** What to produce **
Below are some records. Write out the lines from the one containing "2 Beds, 2 Baths, 1064 sq ftModel Gallery" to the last line, word for word, leaving out pictures.

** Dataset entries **

+---+

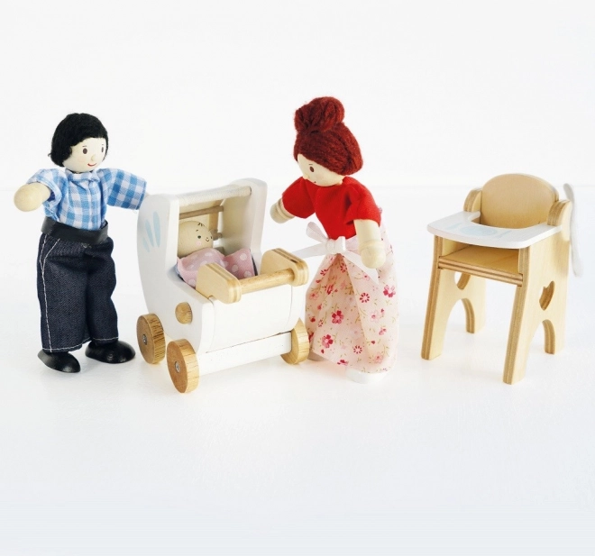 Χαριτωμένο ξύλινο σετ για ευφάνταστο παιχνίδι με μωρό από τη μάρκα LE TOY VAN. Περιλαμβάνει καροτσάκι, ψηλή καρέκλα φαγητού, σετ φαγητού και τσάντα. Τα υφασμάτινα αξεσουάρ είναι ραμμένα στο χέρι και όλα τα μέρη είναι φτιαγμένα από ποιοτικό καουτσουκόδενδρο. Το παιχνίδι είναι διακοσμημένο με μη τοξικά χρώματα με βάση το νερό, είναι ηθικά κατασκευασμένο και ενισχύει τη δημιουργικότητα, την λεπτή κινητικότητα και τον συντονισμό.
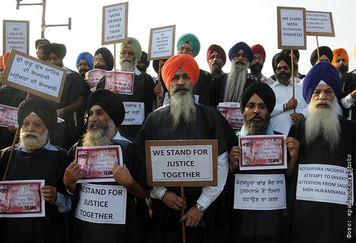 Сикхи в Амритсаре, Индия, протестуют и требуют справедливости после того, как была осквернена одна из копий их священной книги, что привело к беспорядкам и столкновениям с полицией, в результате чего двое людей погибли
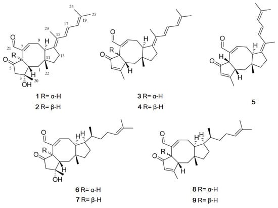 Ophiobolins are a group of sesterpenoids with an unusual tricyclic 5-8-5 ring system. They show a broad range of inhibitory activities against nematodes, fungi, bacteria and cytotoxic activity against cancer cells [,]. They are produced by the fungal genus Bipolaris, Aspergillus, Sarocladium and Drechslera []. The first ophiobolin, ophiobolin A, was isolated from Biolaris spp. and displays inhibitory activity against calmodulin-activated cyclic nucleotide phosphodiesterase []. These findings made the compound a useful calmodulin probe for research purposes and implied an application in anti–cancer therapy []. Interestingly, more than half of the 49 ophiobolins identified between 1999 and 2016 exhibit cytotoxic activities against human cancer cell lines []. Although their biological properties have been well exploited in recent years, their structure-activity relationship remains unestablished []. Consequently, this study focused on the discovery of bioactive natural products from marine fungi. During our ongoing investigation for new bioactive compounds from marine microorganisms, the fungal 168ST-16.1 strain was isolated from the seaweed Padina sp. collected at Da Nang, Vietnam, and, based on its 28S rRNA gene sequence, it was identified as Aspergillus flocculosus. Subsequent chemical investigations on an EtOAc extract of the fungal culture broth using reversed-phase HPLC led to the isolation of the five new ophiobolins, named, 14,15-dehydro-6-epi-ophiobolins K and G (1 and 3), 14,15-dehydro-ophiobolins K and G (2 and 4) and 14,15-dehydro-(Z)-14-ophiobolin G (5), together with four known ophiobolins, 6-epi-ophiobolins C and N (6 and 8) and ophiobolins C and N (7 and 9) [,,] (Figure 1). Herein, details of the structure elucidation and biological activity of these compounds are described.
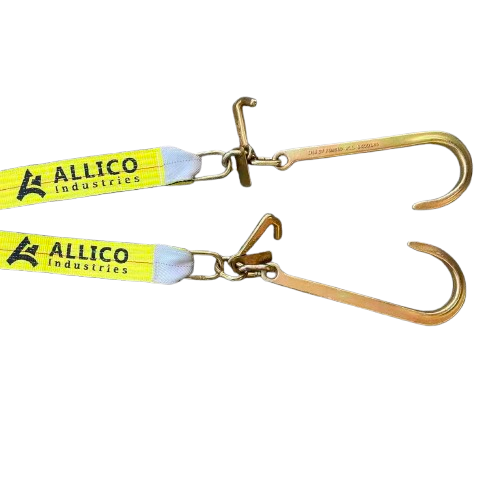 V-STRAP WITH 15" J-HOOK WITH MINI J HOOK, 3-Ply 3" X 24” LEGS WITH METAL WORK LOAD TAG. Not for overhead lifting. Never Exceed Work Load Limit.
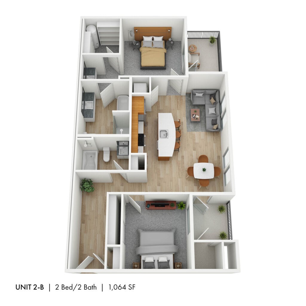 2 Beds, 2 Baths, 1064 sq ftModel Gallery
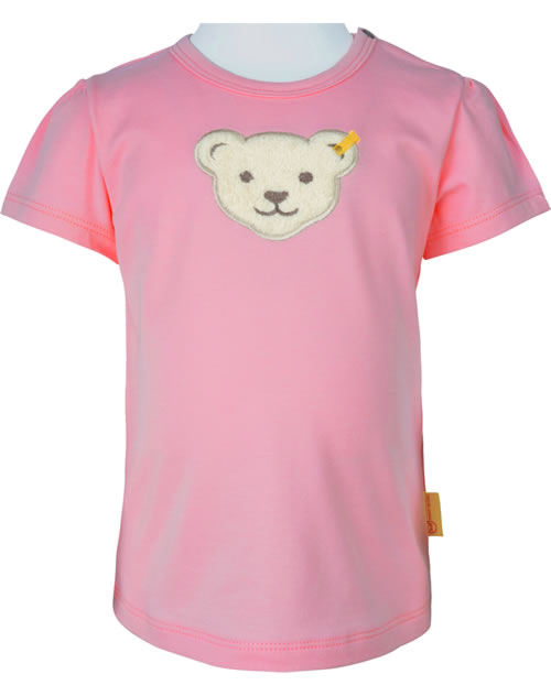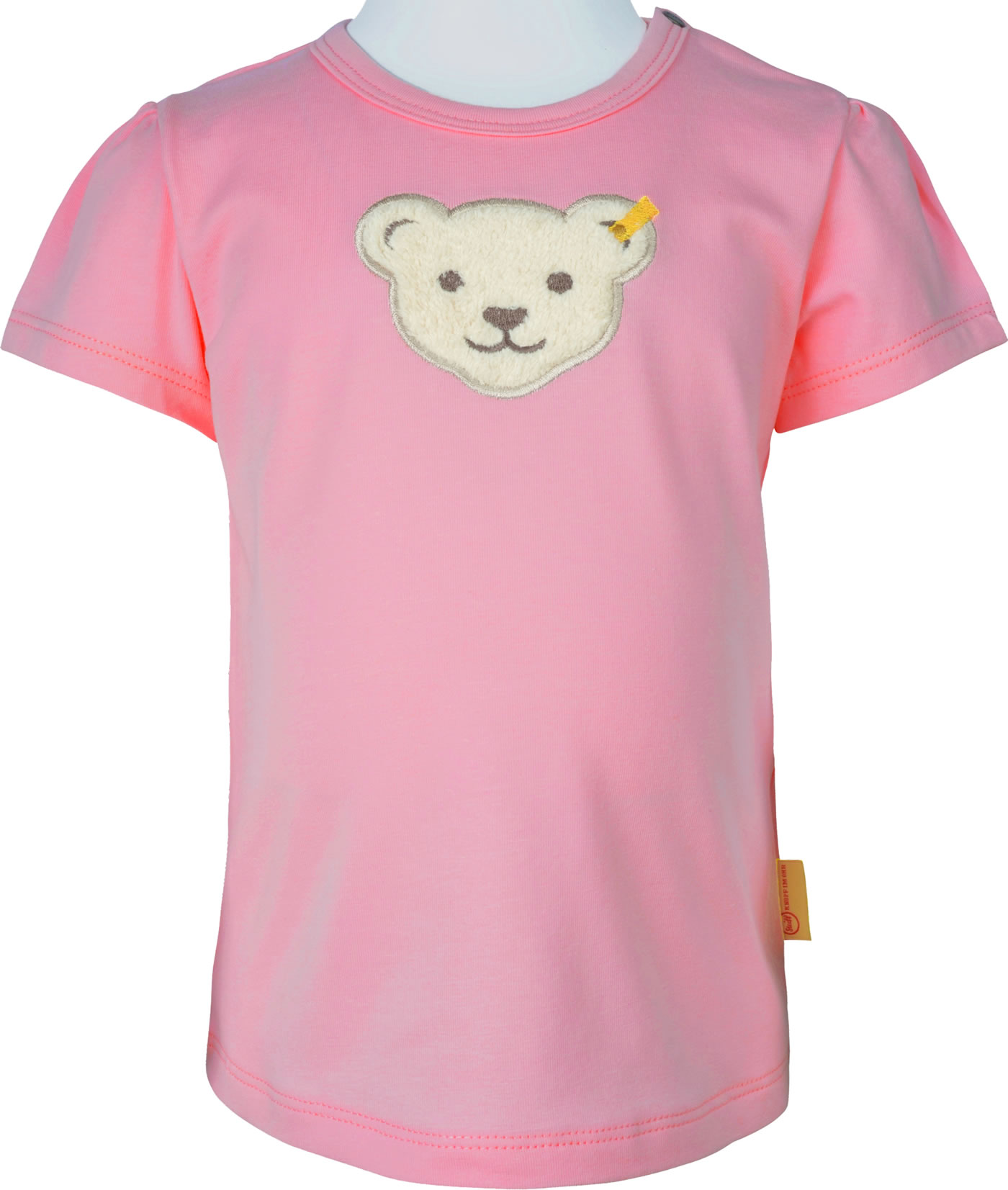 Kurzarmshirt aus weichem Jersey für Mädchen aus der Garden Party Kollektion von STEIFF. Schöne Details sind der große STEIFF Bär auf der Vorderseite und die gerafften Ärmel.

+---+

** Solved problem **
 2 Beds, 2 Baths, 1064 sq ftModel Gallery
 Kurzarmshirt aus weichem Jersey für Mädchen aus der Garden Party Kollektion von STEIFF. Schöne Details sind der große STEIFF Bär auf der Vorderseite und die gerafften Ärmel.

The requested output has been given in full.